NEW YORK and TEL AVIV, Israel, Nov. 21, 2017 /PRNewswire/ -- Warburg Pincus, a global private equity firm focused on growth investing, announced today that WP XII Investments B.V., an entity controlled by funds affiliated with Warburg Pincus (the "Purchaser"), has commenced a cash tender offer to purchase up to 31,265,358 million ordinary shares ("Cyren shares") of Cyren Ltd., a global Internet Security-as-a-Service provider ("Cyren") (NASDAQ: CYRN), for $2.50 per share. If more than the maximum number of Cyren shares offered to be purchased in the tender offer are tendered, the Purchaser will purchase Cyren shares on a pro rata basis.

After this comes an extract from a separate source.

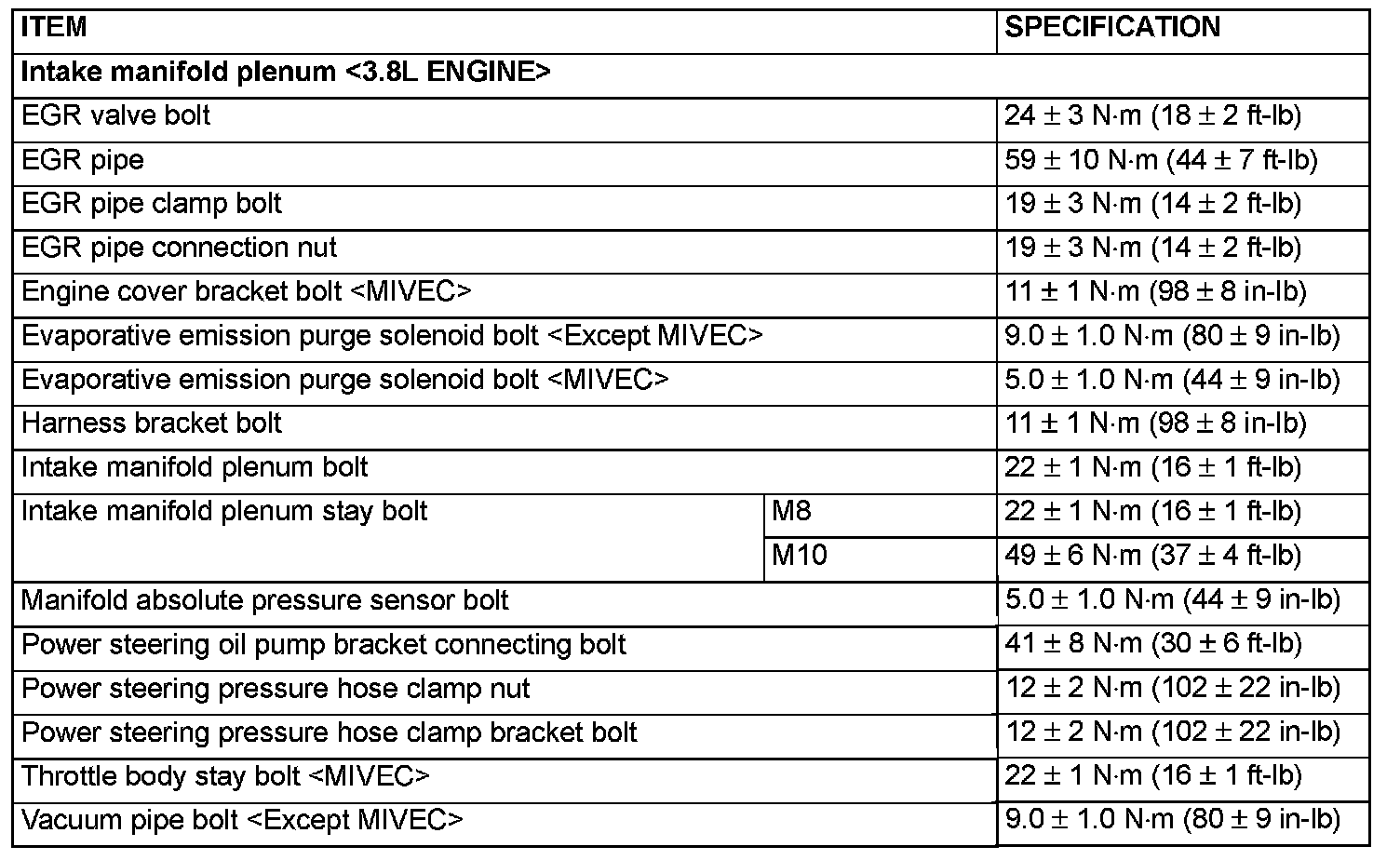 Intake Manifold Plenum - Fastener Tightening Specifications:

Pursuant to the Securities Purchase Agreement, dated as of November 6, 2017, by and between Cyren and the Purchaser, (a) the Purchaser undertook to make a public "special tender offer" pursuant to Israeli Law for up to a maximum of 75% of Cyren's shares on a partially diluted basis (assuming the exercise of "in-the-money" options and conversion of Cyren's convertible notes) and (b) Cyren's board of directors resolved to recommend in favor of shareholders tendering their Cyren shares in such special tender offer, subject to the terms of such agreement. If the special tender is successful, under Israeli law, Warburg Pincus will be prohibited from launching another special tender offer for 12 months.
The Purchaser owns approximately 21.3% of outstanding Cyren shares, following its previously announced purchase of approximately 10.6 million Cyren shares for $1.85 per share pursuant to the Securities Purchase Agreement. If Cyren purchases 31,265,358 million Cyren shares in the tender offer, the Purchaser will own approximately 75% of outstanding Cyren shares on a partially diluted basis.
On November 6, 2017, the last trading day before Warburg Pincus announced its intention to launch the tender offer, the closing sale price of Cyren shares was $1.65 on Nasdaq and NIS 5.998 on the Tel Aviv Stock Exchange ($1.71 based on an exchange rate of NIS 3.513 per United States dollar as of November 6, 2017).
The initial offer period of the tender offer and withdrawal rights is scheduled to expire at 10:00 a.m., New York time, or 5:00 p.m., Israel time, on December 19, 2017, unless the initial offer period is extended by the Purchaser. As required by Israeli law, if the conditions to the offer are satisfied or, subject to applicable law, waived by the Purchaser, as of the completion of the initial offer period, the Purchaser will provide an additional offer period during which shareholders may tender their Cyren shares, which additional offer period will expire at 10:00 a.m., New York time, or 5:00 p.m., Israel time, on December 24, 2017, unless the offer period is extended by the Purchaser. However, shareholders will have no withdrawal rights during such additional offer period.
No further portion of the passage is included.